### WORK INSTRUCTIONS:
Copy exactly the lines of the material below that run from the one containing "惠州市汇星印刷有限公司直招暑假工" through the one containing "春节长假期间,各地民俗活动红". Copy no other lines.

### SUPPLIED DATA:
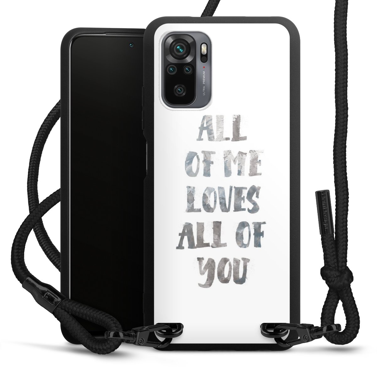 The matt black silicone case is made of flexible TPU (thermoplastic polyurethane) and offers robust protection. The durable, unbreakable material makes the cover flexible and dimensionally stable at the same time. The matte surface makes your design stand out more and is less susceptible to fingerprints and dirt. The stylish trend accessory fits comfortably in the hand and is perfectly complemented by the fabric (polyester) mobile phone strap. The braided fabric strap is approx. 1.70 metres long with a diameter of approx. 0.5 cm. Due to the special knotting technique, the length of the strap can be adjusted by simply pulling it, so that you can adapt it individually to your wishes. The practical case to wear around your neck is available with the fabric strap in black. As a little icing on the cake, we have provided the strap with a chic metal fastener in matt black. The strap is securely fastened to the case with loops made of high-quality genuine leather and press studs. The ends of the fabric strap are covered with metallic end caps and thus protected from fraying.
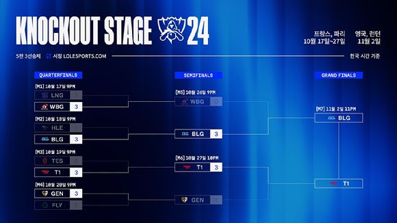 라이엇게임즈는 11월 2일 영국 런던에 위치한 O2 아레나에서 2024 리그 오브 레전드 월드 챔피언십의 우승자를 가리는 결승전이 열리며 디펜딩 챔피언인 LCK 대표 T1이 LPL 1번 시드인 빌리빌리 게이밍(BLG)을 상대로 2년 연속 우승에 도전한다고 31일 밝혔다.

---

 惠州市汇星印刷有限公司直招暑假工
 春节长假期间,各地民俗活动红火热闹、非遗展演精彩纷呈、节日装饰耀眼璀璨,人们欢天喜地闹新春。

==

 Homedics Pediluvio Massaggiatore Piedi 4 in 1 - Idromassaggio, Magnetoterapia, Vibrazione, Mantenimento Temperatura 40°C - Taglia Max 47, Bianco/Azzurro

### OUTPUT FOR THIS EXERCISE:
 惠州市汇星印刷有限公司直招暑假工
 春节长假期间,各地民俗活动红火热闹、非遗展演精彩纷呈、节日装饰耀眼璀璨,人们欢天喜地闹新春。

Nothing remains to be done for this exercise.